Last Updated on July 25, 2023 by Editorial Team

Author(s): Stavros Theocharis

Originally published on Towards AI.

A quick and easy-to-use package for fast explainability results on images

(Right) Photo by Tomas Allsop on Unsplash U+007C (Left) Unsplash Image adjusted by the showcased algorithm

Introduction

Understanding how artificial intelligence (AI) decides what to do is becoming increasingly important as AI finds more and more uses in everyday life. Particularly relevant here are image classification models, which employ AI to detect and label specific features in pictures, such as faces and objects. We need to be able to explain how these models come up with their predictions to make sure we can trust and account for them.

Explainable AI (XAI) is a collection of methods and techniques for making AI easier to understand and explain. Image classification techniques typically employ convoluted neural networks, making XAI all the more crucial. We may learn about the decision-making processes of these models, the attributes they use to recognize things, and any inherent biases they may have by employing XAI methods.

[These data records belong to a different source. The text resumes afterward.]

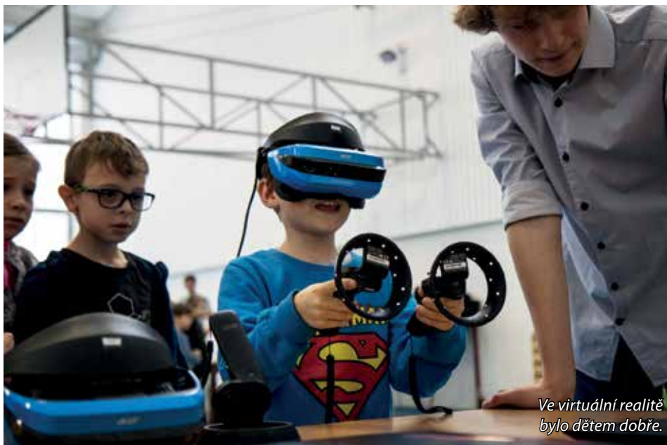
Ve virtuální realitě bylo dětem dobře.

Virtuální realitu, rozšířenou realitu, robotiku, laboratorní pokusy z fyziky, vesmírného programu s výukovou hrou startu rakety v mezinárodním projektu Space Camp, 3D tisk, projekty ke stavbě rakety, hrací hnízdo, multimediální pracoviště Mediálního domu Preslova, či droní arény. To vše mohli spatřit na deseti stanovištích návštěvníci prosincového festivalu, který v Základní škole Komenského 420 navštívilo přes osm set dětí ve věku od pěti do patnácti let. Na své si přišli i rodiče žáků.
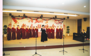
小合唱 红河谷 妇产科
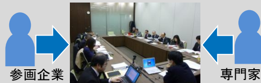
* 事例を通じた実務スキームの検討
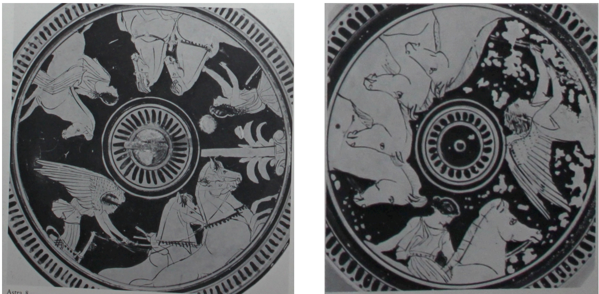
FIG. 4: Pyxides. (Gauche) LIMC 1988, s. v. Astra : 8 = 19 (Berlin, Antikensammlung, F 2519) ; (Droite) 9 = 20 (Londres, British Museum, 73.9-15.14, E 776).
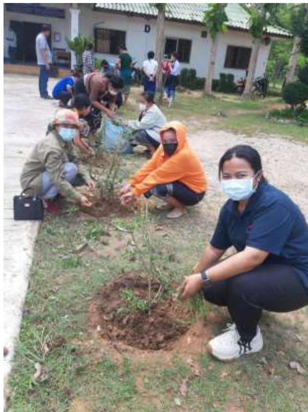
ภาพที่ 5 ปลุกดอกคุณนายตื่นสายตกแต่งบริเวณทางเดินวิทยาลัยร่วมกับคุณครู ในวันกรรมกรสากล
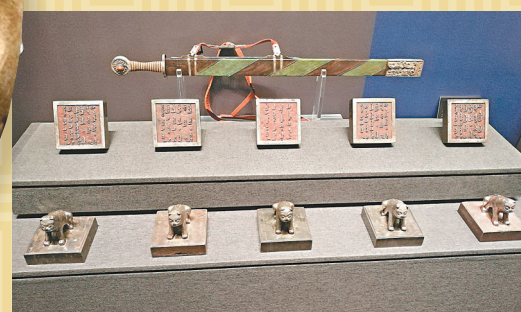
◆以東歸而聞名於世的土爾扈特蒙古首領的佩刀和印章
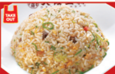
五目炒飯 560円 税込 五目炒飯(ハーフ) 400円 税込
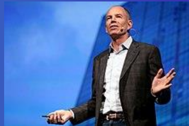
Reed Hastings y Marc Randolph (Netflix,...)
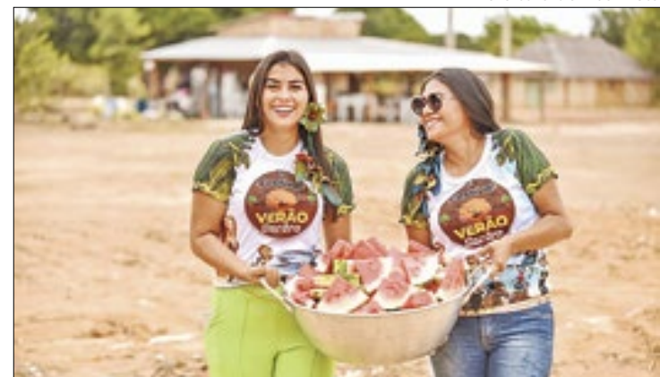
Competições contam com 250 participantes
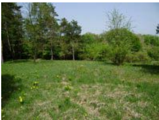
Fotografia číslo 4
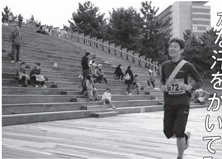
▶りんくうリレーマラソン▶

泉佐野市は、「市民の健康なまちいずみさの」をめざしており、スポーツの推進にも力を入れています。市民のみなさんも、心地よい潮風をあびて、マールビーチや緑地、海に沈む夕日などを眺めながら、マラソンやジョギングなどをしてみませんか?
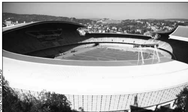
Turnul de 25 de etaje care ar fi urmat să fie ridicat în imediata vecinătate a „Cluj Arena” nu mai este de actualitate pentru Consiliul Județean

GitHub is teeming with new packages and repositories containing XAI methods derived from the literature or developed under custom cases.

In this article, I will present the easy-explain” library, which comes from the new repository I created for explaining AI PyTorch models trained for images. I split this article into two sections. If you want to know how the easy-explain package works in detail, please read the first section, “easy-explain package in detail”. Otherwise, if you just want to know how to use the easy-explain package, please read directly “Simple use of the “easy-explain package”. For more information and guides, please have a look in the examples folder with the corresponding Jupyter notebooks.

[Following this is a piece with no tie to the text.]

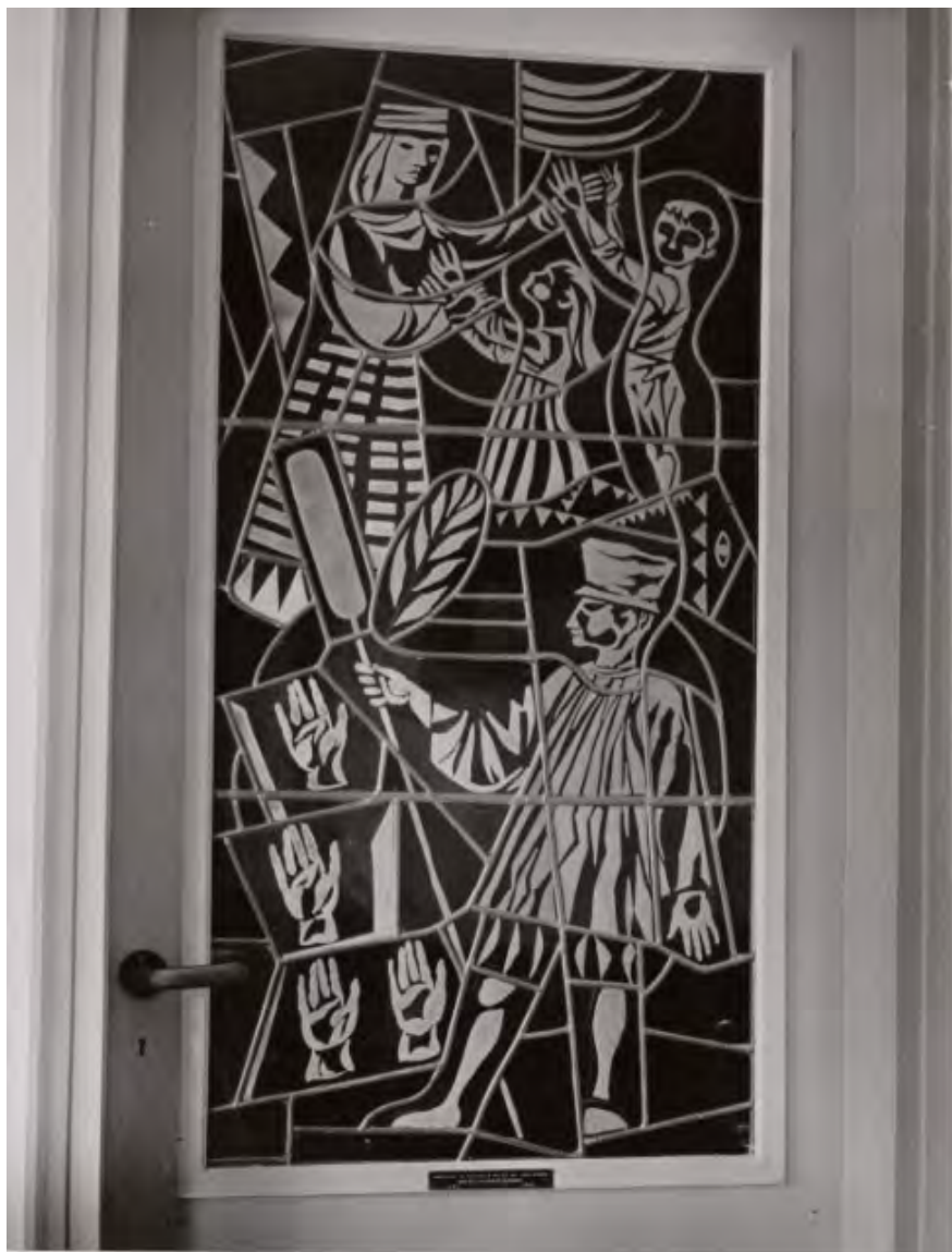
Damrak 15-16 Zeepfabriek "de Vergulde Hand". Glas-in-loodraam in deur tussen kantoor en directiekamer.

For all the parts that will be shown below, we can consider as an example, the pre-trained Resnet50 model. We will load it from Torchvision:

import torchvision
model = torchvision.models.resnet50(pretrained=True).eval()

The images that are being used in the whole article are coming from Unsplash.

easy-explain package in detail

easy-explain uses under the hood Captum. Captum aids in comprehending how the data properties impact the model predictions or neuron activations, offering insights into how the model performs. Captum comes together with the Pytorch library. Currently, easy-explain is working only for images and only for Pytorch.

Captum allows for the unified application of several different cutting-edge feature attribution techniques, such as Guided GradCam and Integrated Gradients. In addition, the Occlusion methodology is being used.

Loading & Pre-processing of an image

Let’s get an image from Unsplash right away…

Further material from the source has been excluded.